= 690s BC =

Decade

This article concerns the period 699 BC – 690 BC.

==Events and trends==
- 699 BC—Hallashu-Inshushinak (Khallushu) succeeds Shuttir-Nakhkhunte as king of the Elamite Empire.
- 699 BC—Manasseh succeeds Hezekiah as king of Judah.
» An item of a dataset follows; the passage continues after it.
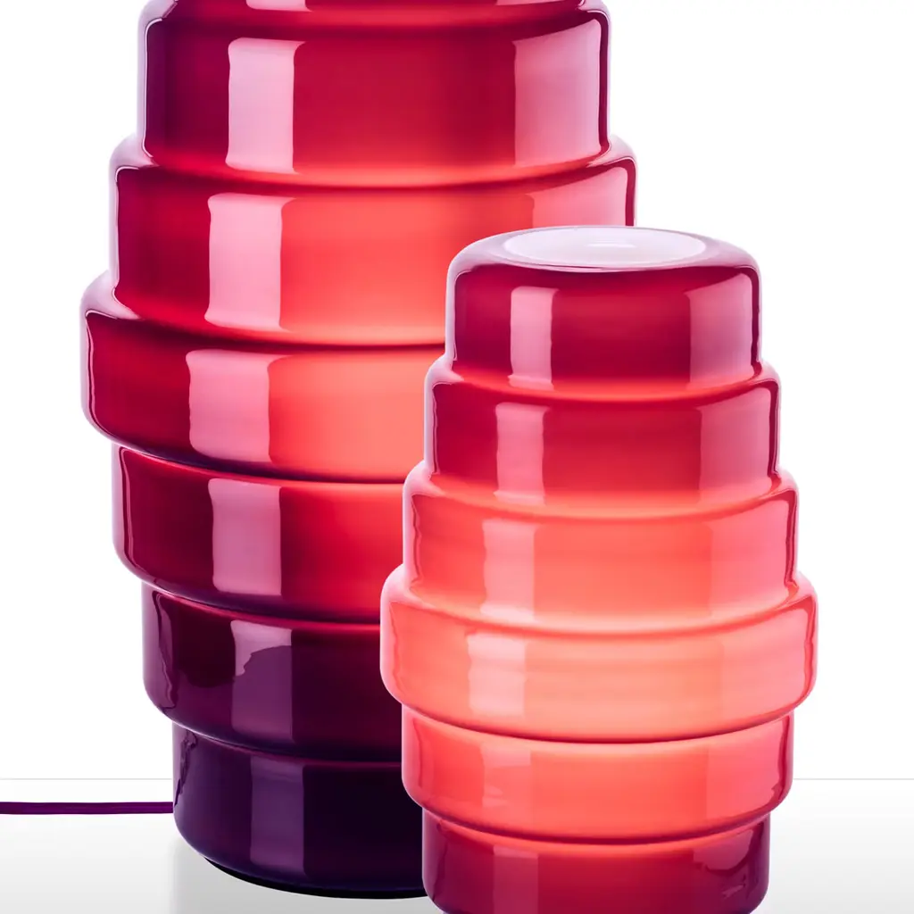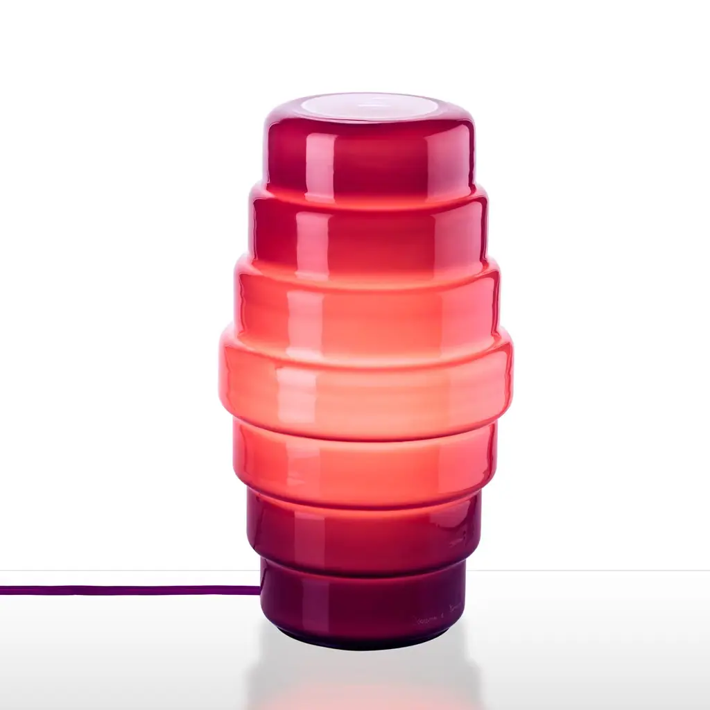 Stylish and modern, this table lamp was designed by the duo Doriana and Massimiliano Fuksas in 2014. The concentric bands are handmade with the opaline technique that confers a semi-opaque finish to the purple-colored glass. Available in two different sizes and three colors (purple and taupe), this table lamp holds a single halogen E27 max 70W bulb and is also suitable for CFL bulbs.

The first king who did not have an experience with the Kingdom of Israel, Manasseh ruled with his mother, Hephzibah, as regent.
- 699 BC—Sennacherib carries out his fifth military campaign in Babylonia, a series of raids against the villages around the foot of Mount Judi, located to the northeast of Nineveh.
- 698 BC—Death of Chuzi I, ruler of the state of Qin
- 698 BC—Death of Duke Xi of Qi, ruler of the state of Qi
- 697 BC—Birth of Duke Wen of Jin in China.
- 697 BC—Death of King Huan of Zhou in China.
- 697 BC—Manasseh becomes co-ruler with King Hezekiah of Judah.
- 696 BC—Zhou Zhuang Wang becomes king of the Zhou Dynasty of China.
- 696 BC—Cimmerian forces begin a conquest of Phrygia (modern Turkey), having failed in their efforts to defeat the Assyrians and moved into Anatolia.
- 696 BC—Possible migration of the Armenians (approximate date).
- 696 BC—Pantacles of Athens wins the stadion race at the 21st Olympic Games.
- 694 BC—Duke Xiang of Qi and Duke Huan of Lu meet at Luo(濼). Duke Huan of Lu and his wife, Wen Jiang goes to Qi.
- 694 BC—Duke Huan of Lu dies in Qi, and Prince Peng Sheng(彭生) is killed.
- 694 BC—Troops of Qi killed Zheng-zi Wei(7th ruler of Zheng) and Gao Qumi(高渠弥). Ji Zhong(祭仲) invited Zheng-zi Ying(8th ruler of Zheng) from Chen and helped him assume the throne.
- 694 BC—Duke Hei Jian(黒肩) of Zhou killed King Zhuang of Zhou and plotted to help Prince Ke(克) assume the throne. Xin Bo(辛伯) reported it to King Zhuang, and killed Duke Hei Jian. Prince Ke defected to Yan.
- 694 BC—Death of Ashur-nadin-shumi, Assyrian king of Babylon
- 694 BC—Death of Duke Huan of Lu, ruler of the state of Lu
- 694 BC—Death of Luli, king of Tyre
- 693 BC—Babylon is destroyed by the Assyrian king Sennacherib, but the city will be rebuilt in even greater splendor and luxury. He fights his way back north and captures various cities along the River Euphrates (or 691 BC or 689 BC).
- 693 BC—Death of Nergal-ushezib, king of Babylonia
- 692 BC—Pantacles wins the stadion race for a second time and the diaulos at the 22nd Olympic Games.
- 692 BC—Karib'il Watar of Saba' is recorded as having given "gifts" (tribute) to King Sennacherib of Assyria.
- 691 BC—King Sennacherib of Assyria defeats king Humban-nimena of Elam in the Battle of Halule.
- 690 BC—Duke Xiang of Qi, Duke Xuan of Chen, Zheng-zi Ying met at Chui(垂).
- 690 BC—Marquis of Ji(紀) does not surrender to Qi, and passes the throne to his younger brother, Ji Ji(紀季).
- 690 BC—Death of King Wu of Chu
- 690 BC—Death of Xuan Jiang, Chinese Duchess.
- 690 BC—Taharqa, a king of the Twenty-fifth Dynasty, ascends the throne of Egypt (approximate date)
- c. 690 BC—Death of Manava, author of the Indian geometric text of Sulba Sutras.
- 690s BC—W'rn Hywt of D'mt in Ethiopia appears in the inscriptional record and mentions the king of Saba', Karib'il Watar.
- Greek colonization of the Mediterranean in the next two centuries will be motivated primarily by a need to find new food sources as Greece's population expands. The barren and rocky soil of the Greek Peninsula is inadequate to meet the people's alimentary needs (approximate date).